Dubey commented to Al Jazeera that, “The EU-ETS (emissions trading scheme) issue is escalating fears of a trade war between the EU and the rest of the world. There is a chance that the government may decide to use these large aircraft orders as a negotiating tool.”
Beyond waging a purchasing war on European aircraft suppliers, Indian authorities also threaten to forbid EU air carriers from flying over India, the Indian Ocean and the Bay of Bengal. Bypassing such a huge territory is of course not practical for commercial airliners on long-haul flights as they would need to refuel at some point on the bypass.
According to a report by Ernst & Young, India is one of the frontrunners on the recipient side of the Clean Development Mechanism (CDM) market. In fact, latest estimates of the United Nations Environmental Programme (UNEP) show that, after the leader China, India holds about 30 percent of CDM projects in Asia.

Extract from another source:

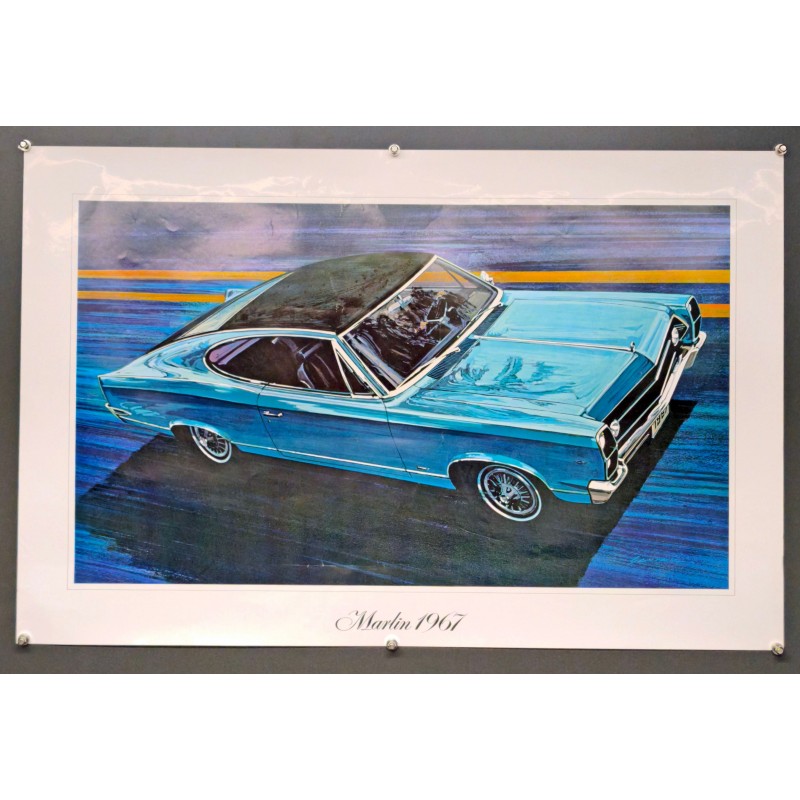 Créée dans un contexte où les voitures devenaient des symboles de statut et de style de vie, cette affiche Marlin 1967 incorpore les valeurs de confiance et de performance caractéristiques de l’ère automobile. L’auteur, Sevier, réussit à fusionner le monde de l'art avec l'univers des véhicules, offrant ainsi une vision unique qui séduira les collectionneurs d'objets vintage et les amateurs d'art.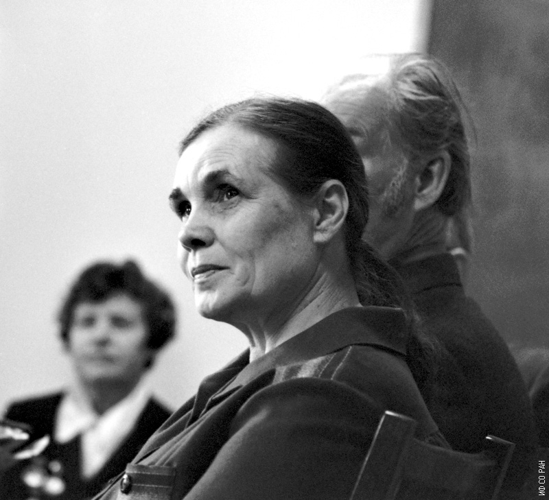 На переднем плане Власова П. Л. в конференц-зале Института физики им. Л.В. Киренского Сибирского отделения Академии наук СССР (ИФ СО АН СССР) 9 мая 1975 года в День Победы в Великой Отечественной войне (1941-1945 гг.). Красноярск.

CDM is a flexibility mechanism under the Kyoto Protocol which allows industrialised countries with compliance emission reduction schemes to fully or partially fulfill their emission reduction targets by procuring Certified Emission Reductions (CERs) from greenhouse gas offset projects in developing countries. CERs are among the tradable units on the EU ETS. That means India is a direct beneficiary of European compliance regulation.
It comes as a surprise then that India would boycott that same carbon trading regime which supports its domestic market for carbon offsetting projects. Instead of resisting compliance, India should embrace the EU ETS and encourage its airlines to mitigate emissions by absorbing some of the carbon offset supply from domestic CDM projects. In addition, India can benefit from airlines based in developed countries, which are looking for ways to limit their emissions in a cost-effective way. Often times the cost of implementing environmentally friendly processes and installations in-house are too high for airline companies to take on. These costs end up trickling down to passengers, who have to pay the difference in the form of higher ticket prices and fees. So instead of resisting, India should be leveraging the potential that the EU ETS can offer.